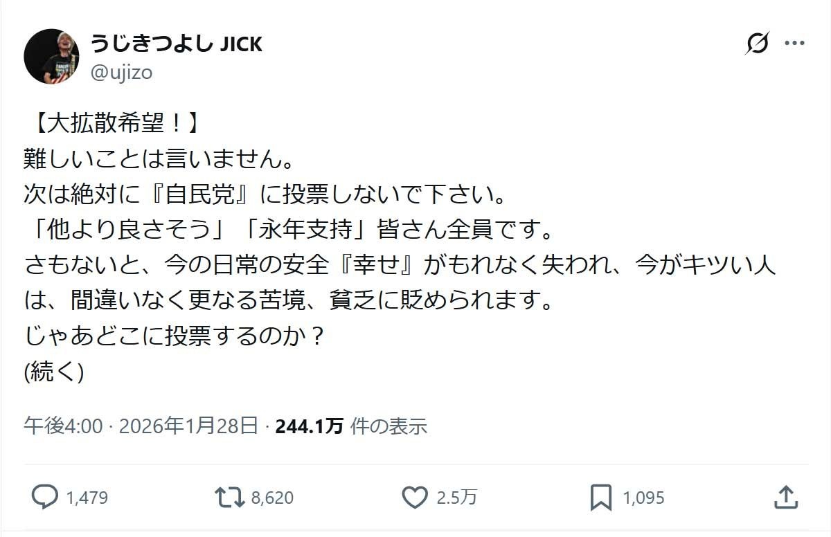うじきは「【大拡散希望!】難しいことは言いません。次は絶対に『自民党』に投票しないで下さい。『他より良さそう』『永年支持』皆さん全員です」と呼びかけた。その理由として「さもないと、今の日常の安全『幸せ』がもれなく失われ、今がキツい人は、間違いなく更なる苦境、貧乏に貶められます」とつづっている。
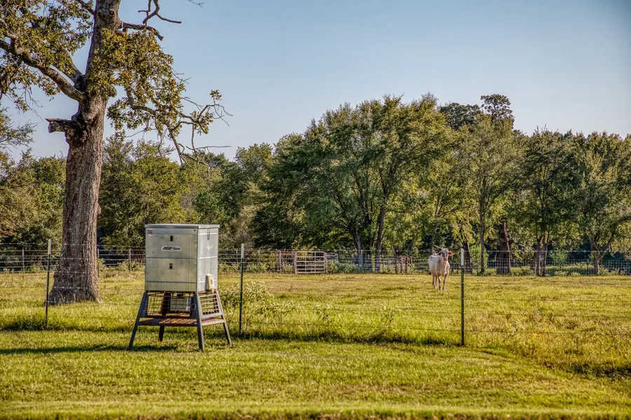 The land is fully fenced and cross-fenced with rolling pastures, mature pecan trees, and multiple ponds (including one with a fishing pier). Wickson Creek forms much of the back boundary. Wildlife is abundant, and the setting is private, with the home tucked behind a gated entrance and screened by mature trees.
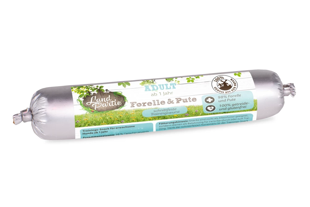 Trainingssnack für erwachsene Hunde ab 1 Jahr von LandPartie. Mit leckerer Forelle und Pute.
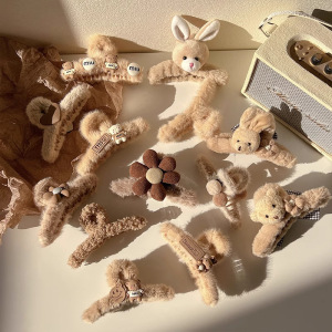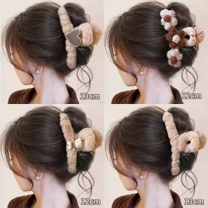 毛绒抓夹女小熊秋冬新款发夹后脑勺鲨鱼夹发抓高级感夹子头饰发饰
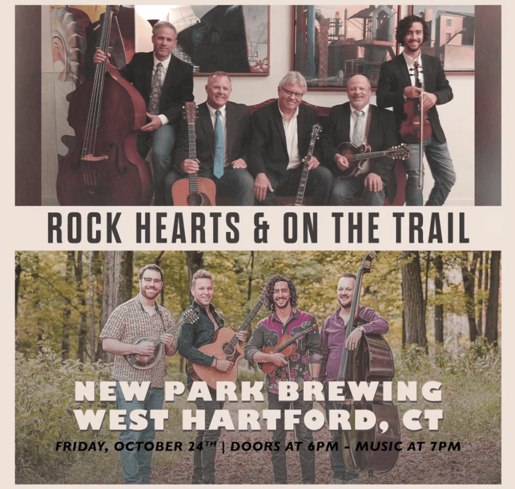 CT Bluegrass Showcase on Friday October 24 Rock Hearts and On the Trail at New Park Brewing
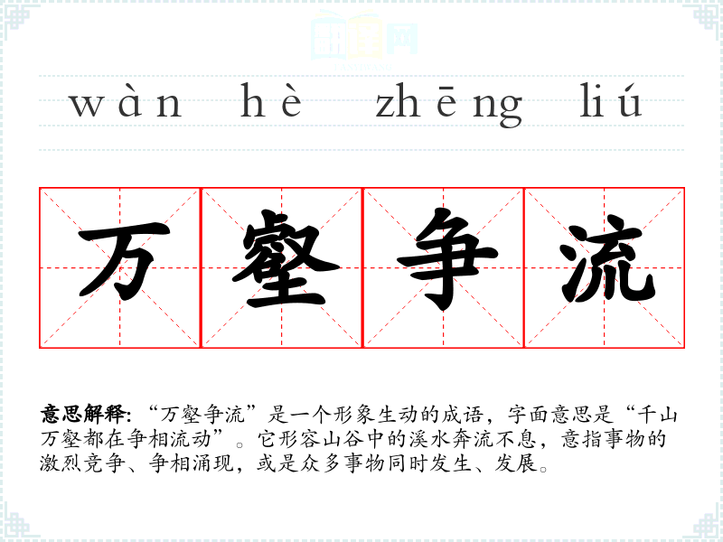 “万壑争流”是一个形象生动的成语,字面意思是“千山万壑都在争相流动”。它形容山谷中的溪水奔流不息,意指事物的激烈竞争、争相涌现,或是众多事物同时发生、发展。

^^^^^^^^

TASK ITEM:
Copy out every line of the material above precisely, omitting the pictures.

SOLUTION TO THIS EXERCISE:
うじきは「【大拡散希望!】難しいことは言いません。次は絶対に『自民党』に投票しないで下さい。『他より良さそう』『永年支持』皆さん全員です」と呼びかけた。その理由として「さもないと、今の日常の安全『幸せ』がもれなく失われ、今がキツい人は、間違いなく更なる苦境、貧乏に貶められます」とつづっている。
 The land is fully fenced and cross-fenced with rolling pastures, mature pecan trees, and multiple ponds (including one with a fishing pier). Wickson Creek forms much of the back boundary. Wildlife is abundant, and the setting is private, with the home tucked behind a gated entrance and screened by mature trees.
 Trainingssnack für erwachsene Hunde ab 1 Jahr von LandPartie. Mit leckerer Forelle und Pute.
 毛绒抓夹女小熊秋冬新款发夹后脑勺鲨鱼夹发抓高级感夹子头饰发饰
 CT Bluegrass Showcase on Friday October 24 Rock Hearts and On the Trail at New Park Brewing
 “万壑争流”是一个形象生动的成语,字面意思是“千山万壑都在争相流动”。它形容山谷中的溪水奔流不息,意指事物的激烈竞争、争相涌现,或是众多事物同时发生、发展。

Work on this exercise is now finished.